Group "Machine Learning"

Machine Learning: Shallow & Deep Learning (TPT-DATAAI901)

This course is taught by Mounim El Yacoubi.

Statistical Data Analysis (PCA, LDA), Unsupervised Learning, Clustering, Supervised Learning, Neural Networks / Deep Learning, Hidden Markov Mdoels (HMM), Restricted Boltzmann Machines, Support Vector Machines (SVM), Decision Trees, Random Forest, Boosting,Transfer Learning, Deep Reinforcement Learning, Introduction to LLM/ChatGPT

Prerequisites: Basics of Probability and Statistics; Basics of Algebra and Calculus

Program:

Explainable and Trustworthy AI (TPT-DATAAI902)

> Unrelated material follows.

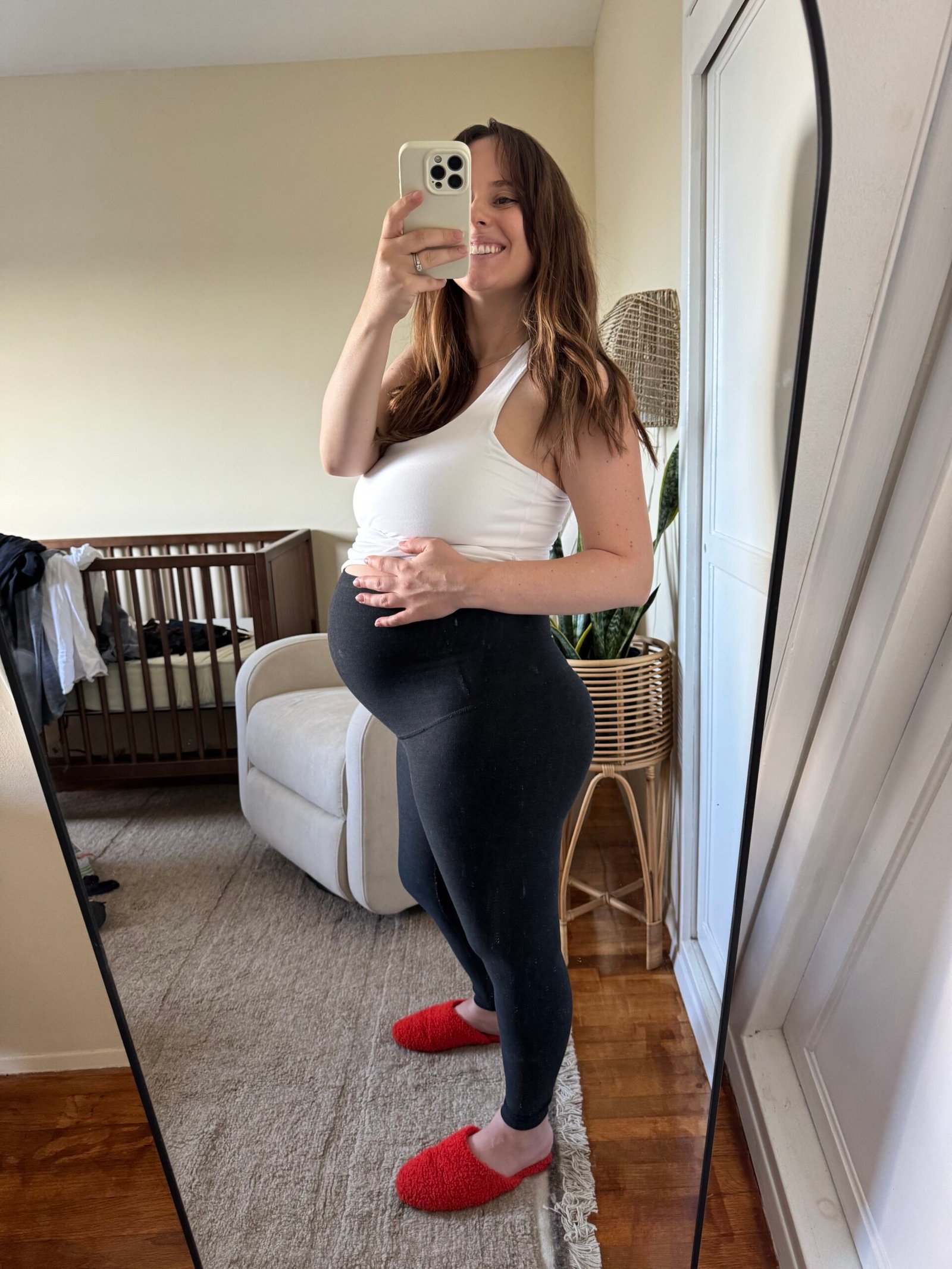 But let’s talk about the nursing tanks. I’m not even usually a tank top person, but these have become one of my most-worn staples in the second and third trimesters. They’re featherlight and breathable enough for the SoCal heat, but also layer beautifully under sweaters or jackets when it cools down. I love the extra padding (no more worrying about the nips showing through), and the clean silhouette makes them feel polished and versatile, not just “maternity.”

This course is taught by Mounim A. El Yacoubi.

Explainability and Interpretability of Machine / Deep Learning Models; Explanation Methods of Machine Learning models as black boxes: LIME, Shapley Values, SHAP, Counterfactual Explanations; Interpretation of Neural Networks as white boxes: Sensitivity Analysis, Layer-wise Relevance Propagation (LRP), The RETAIN architecture; Adversarial Learning, Targeted and Non-Targeted Adversarial Attacks, Defense against Adversarial Attacks; Verification of the Robustness of neural Networks.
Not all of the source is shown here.